Here the established powers that he’s challenged strike back. The chief priests, scribes and elders (those who ran the Temple institution, decried the rules and profited from the financial transactions) push back against the rebellious Jesus, questioning his self-invoked authority. They seek to trap him in a verbal snare, in a religious question which will force him to chose a side and either lose the love of the people who adore him, or self-identify as a heretic and enemy of his people. But they underestimate what the authority of Jesus is really about. He invokes it in his response, refusing to answer their false trap-laying question, until they themselves are more clear. It seems a bit like our current presidential debates. These Temple authorities demonstrate their own lack of authority by their choice to not respond publicly. They may have an answer, but they are hedging their bets, avoiding saying what might decrease their numbers in the polls of public opinion. Faith is more than a word trap, more than a philosophical and rhetorical question.

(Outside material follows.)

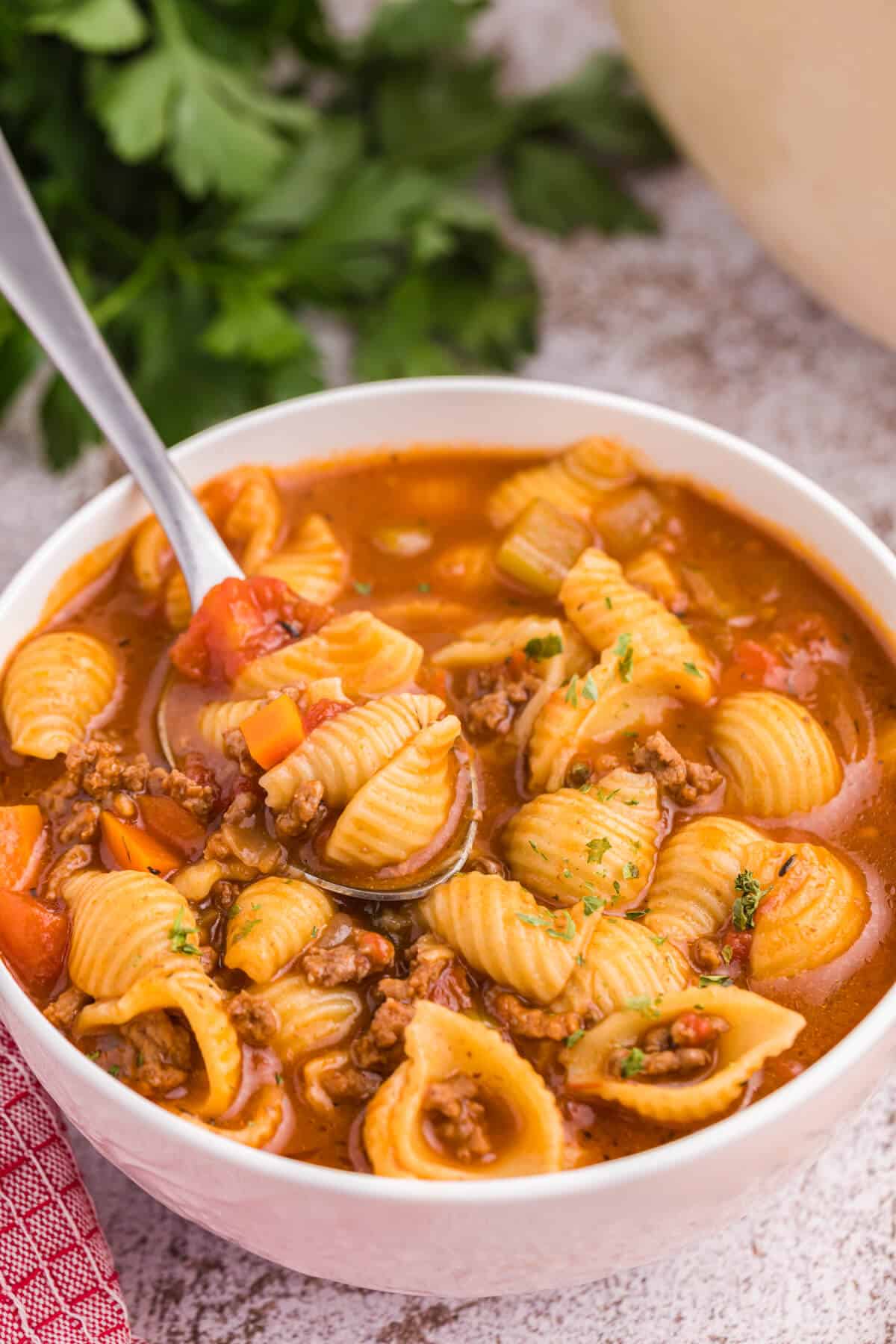 - Once beef is browned, add in the rest of the ingredients and stir to combine.

Jesus then speaks, again using his authority, to teach, talking in parables. The story is a teachable moment that is also a thinly veiled contention of their leadership. Throughout the First Testament a vineyard frequently serves as a metaphor for the nation of Israel, whereas God is often the farmer or vineyard owner. While we might be puzzled with this unfamiliar language, they wouldn’t have been at that time. The servants sent by the landowner would be understood as the prophets, including John the Baptist who was beheaded by the King (v.4) The son would have been equal to the father, coming in his place and stead. Killing him was like starting a revolution against the father.

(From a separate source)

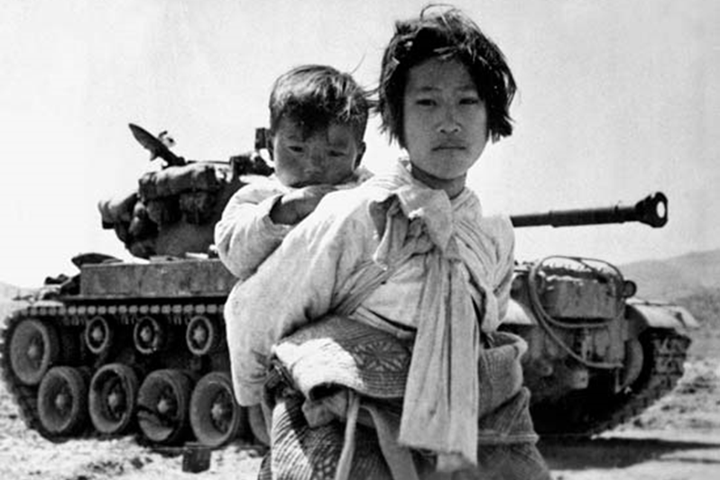 Během korejské války došlo k mnoha masakrům civilistů, přičemž jeden z nich dodnes v americké společnosti značně rezonuje. Zde váleční uprchlíci před tankem M-46

The parable condemns and criticizes the religious authorities for being blind to the will and work of God. They claim to be holy, important and the voice of God – yet they are unable to recognize what God does…even when God comes to them, as the son came to the tenant farmers. They echo the lack of faith and spiritual jealousy of the brothers of Joseph in Genesis 37 who kill their beloved brother to gain their father’s favor. “come, let us kill him!” (Mark 12:7).
Jesus is the corner, key, or capstone which holds all of the construction together in perfect harmony and balance. Jesus is the interpretative key for “getting” God, the lens through which one can most clearly “see” God. Yet his packaging is neither what the authorities expected, nor what they wanted.